DATA IN THIS EXERCISE START
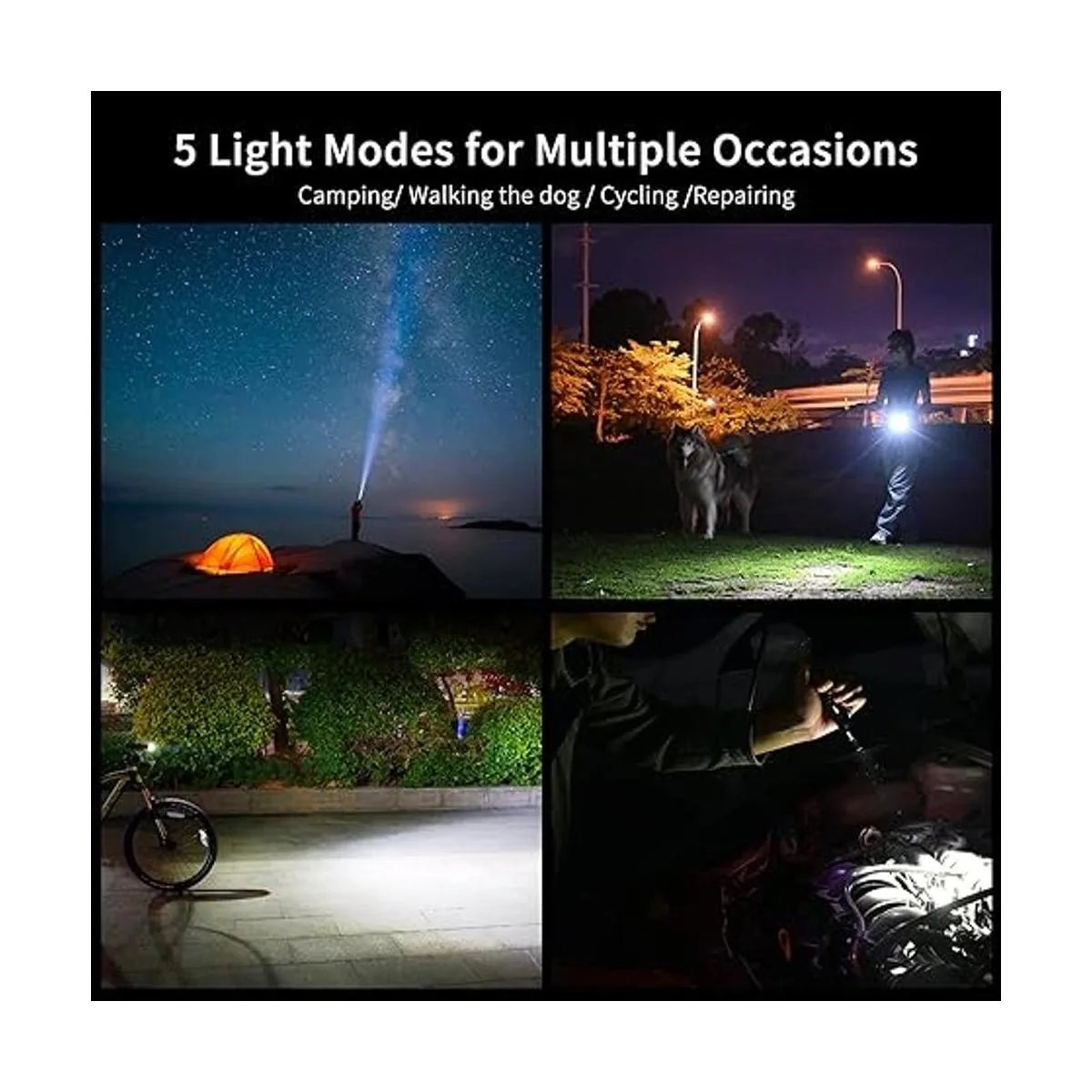 Multimodo e interruptor de cola Esta linterna táctica LED tiene 5 modos de iluminación y tiene una función de memoria: alto/medio/bajo/ECO/SOS para satisfacer tus necesidades en diferentes situaciones. El interruptor trasero pone tu pulgar hacia atrás y le permite descansar fácilmente en la linterna.
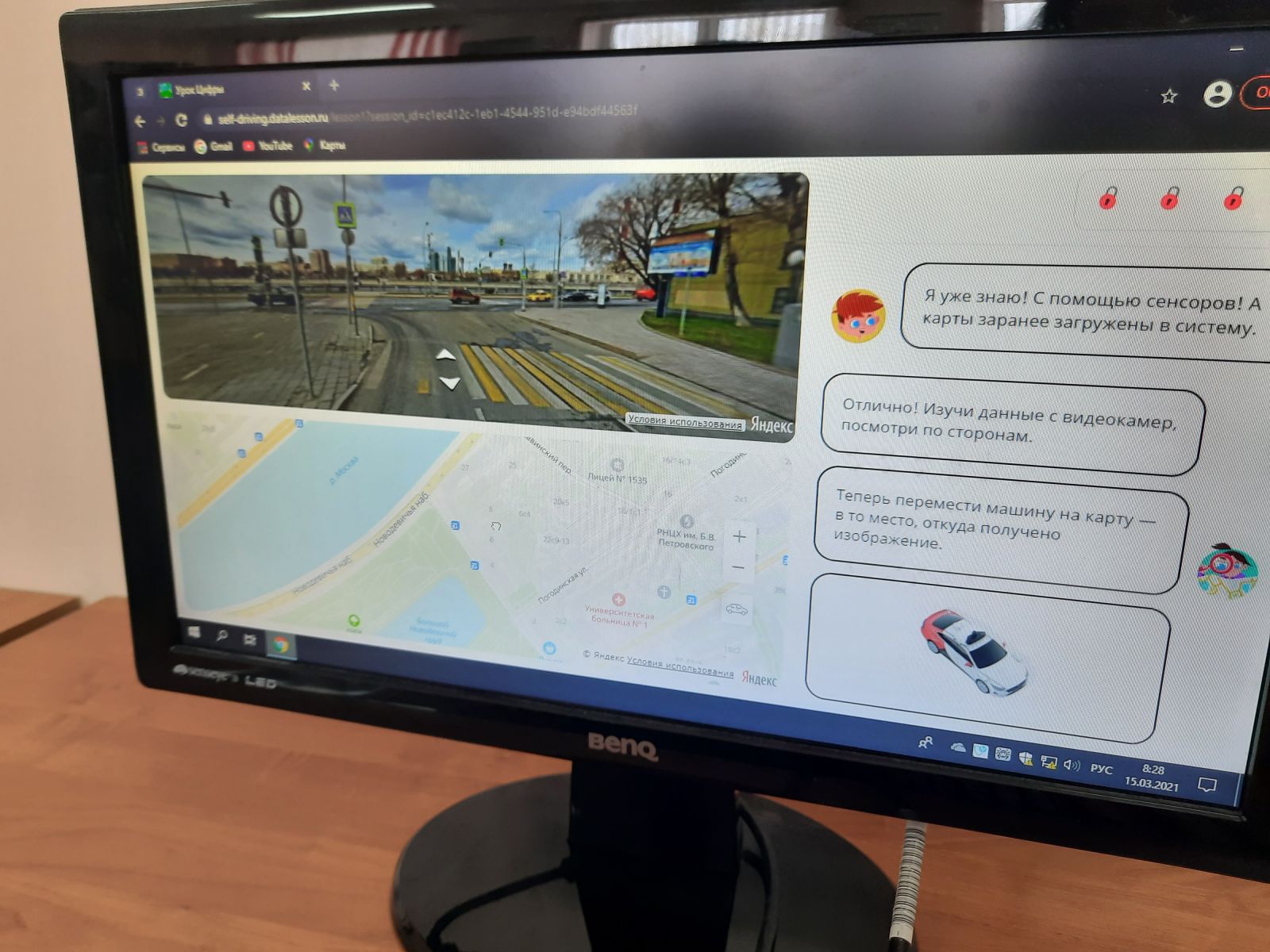 При помощи онлайн-тренажёров ученики могут закрепить полученные знания на практике. Например, в одном из заданий тренажёра школьник сможет почувствовать себя «беспилотным автомобилем», задача которого — добраться из точки «А» в точку «Б», преодолевая разные дорожные ситуации. После прохождения тренажёра ученики (5–11 кл.) могут узнать про профессии, представители которых трудятся над созданием беспилотного транспорта.
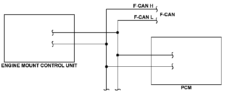 The controller area network (CAN) transmits/receives pulsing signals to/from the control modules simultaneously by using two signal lines (F-CAN H and F-CAN L). When the information is not sent from the powertrain control module (PCM) through the F-CAN and this condition continues for a specified time or when the information sent from the PCM is abnormal and this condition continues for a specified cycle, the engine mount control unit detects a malfunction and stores a DTC.
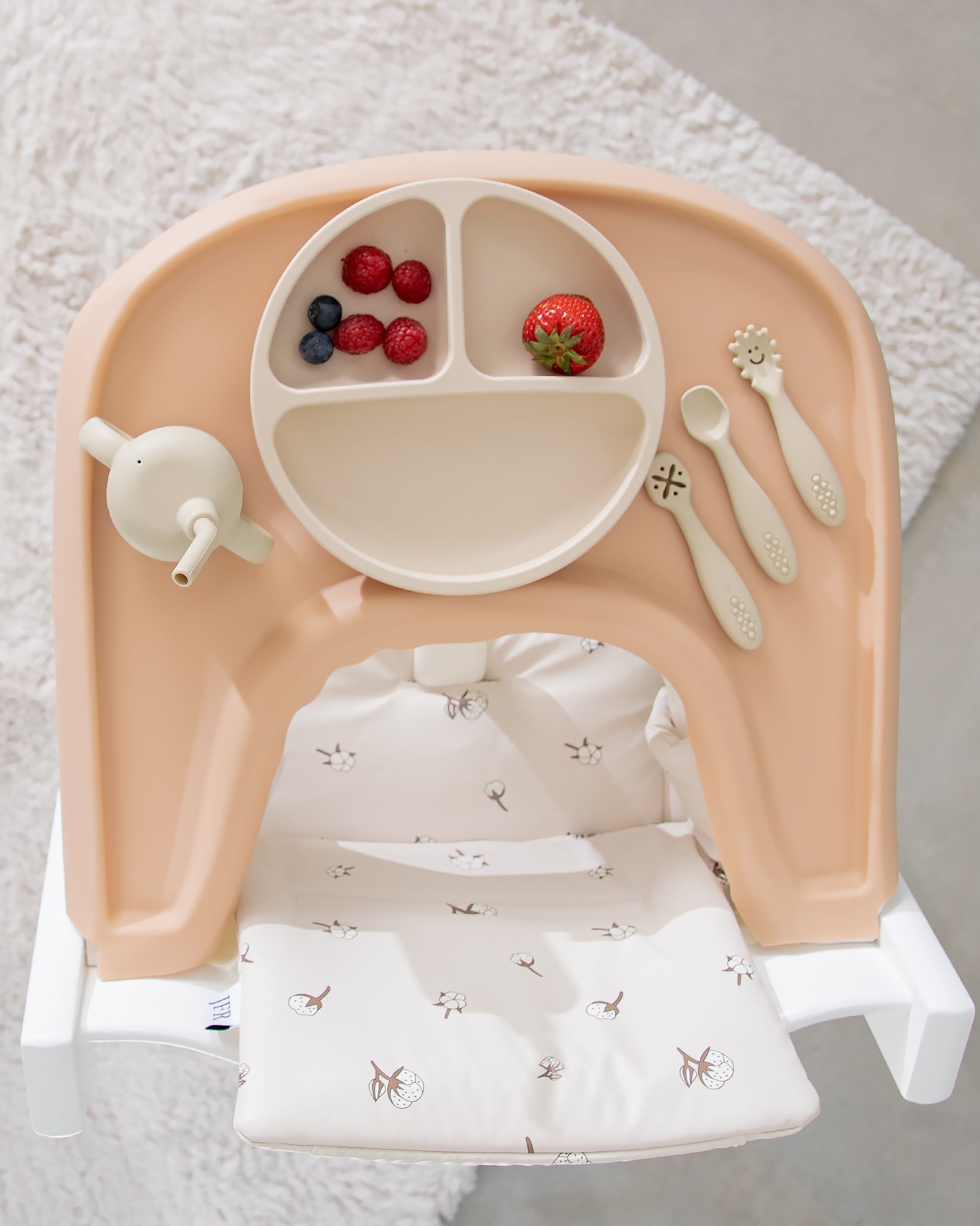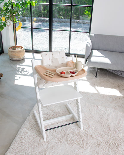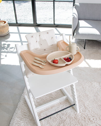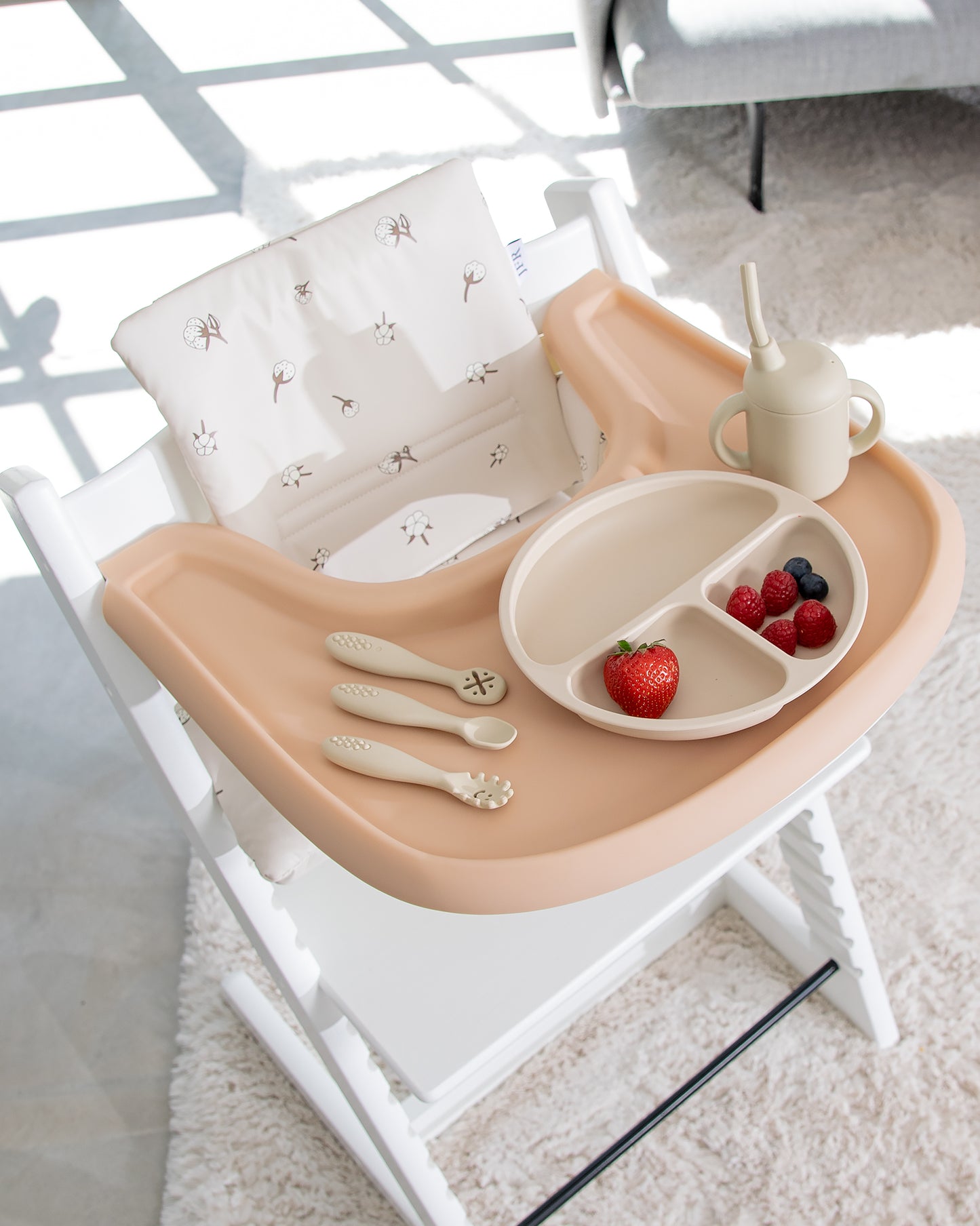 Detta bricköverdrag passar Stokke Tray, deras bricka för Tripp Trapp. Överdraget är tillverkat av silikon är både snyggt och funktionellt. Det är mjukt och följsamt och kan enkelt torkas av eller diskas i maskin om man önskar det. Matcha med våra fina dynor för Stokke för en total makeover av din barnstol.
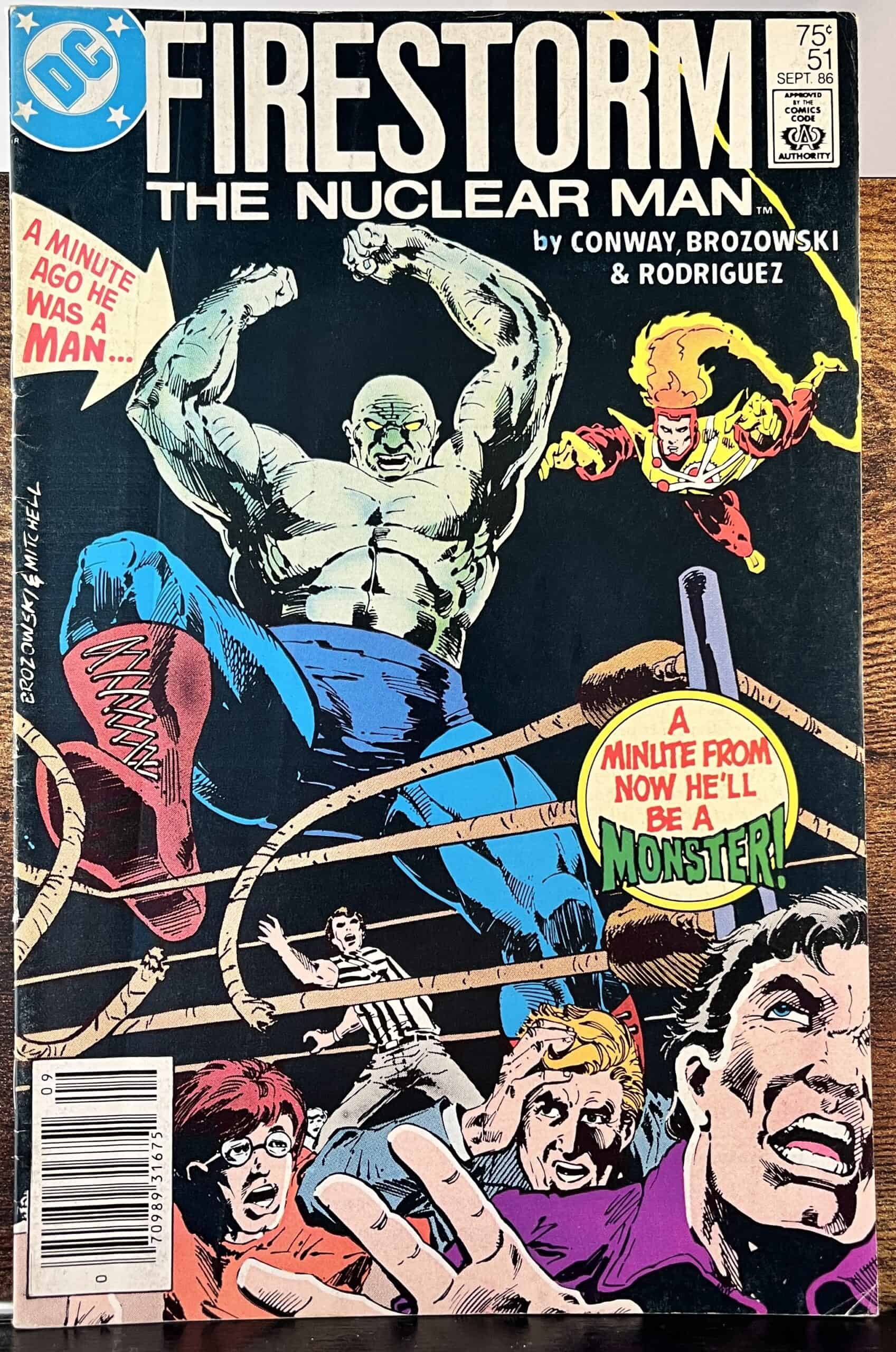 The Fury of Firestorm, the Nuclear Man was published from 1982–1990 comprising a total of one-hundred issues and five Annuals. With issue number 50, the cover title of the series changed to Firestorm, the Nuclear Man, the same title that the first, short-lived series carried.
DATA IN THIS EXERCISE END
▶ ABOUT THIS TASK
Output all the records above exactly, but without their images.

▶ TASK RESULT
 Multimodo e interruptor de cola Esta linterna táctica LED tiene 5 modos de iluminación y tiene una función de memoria: alto/medio/bajo/ECO/SOS para satisfacer tus necesidades en diferentes situaciones. El interruptor trasero pone tu pulgar hacia atrás y le permite descansar fácilmente en la linterna.
 При помощи онлайн-тренажёров ученики могут закрепить полученные знания на практике. Например, в одном из заданий тренажёра школьник сможет почувствовать себя «беспилотным автомобилем», задача которого — добраться из точки «А» в точку «Б», преодолевая разные дорожные ситуации. После прохождения тренажёра ученики (5–11 кл.) могут узнать про профессии, представители которых трудятся над созданием беспилотного транспорта.
 The controller area network (CAN) transmits/receives pulsing signals to/from the control modules simultaneously by using two signal lines (F-CAN H and F-CAN L). When the information is not sent from the powertrain control module (PCM) through the F-CAN and this condition continues for a specified time or when the information sent from the PCM is abnormal and this condition continues for a specified cycle, the engine mount control unit detects a malfunction and stores a DTC.
 Detta bricköverdrag passar Stokke Tray, deras bricka för Tripp Trapp. Överdraget är tillverkat av silikon är både snyggt och funktionellt. Det är mjukt och följsamt och kan enkelt torkas av eller diskas i maskin om man önskar det. Matcha med våra fina dynor för Stokke för en total makeover av din barnstol.
 The Fury of Firestorm, the Nuclear Man was published from 1982–1990 comprising a total of one-hundred issues and five Annuals. With issue number 50, the cover title of the series changed to Firestorm, the Nuclear Man, the same title that the first, short-lived series carried.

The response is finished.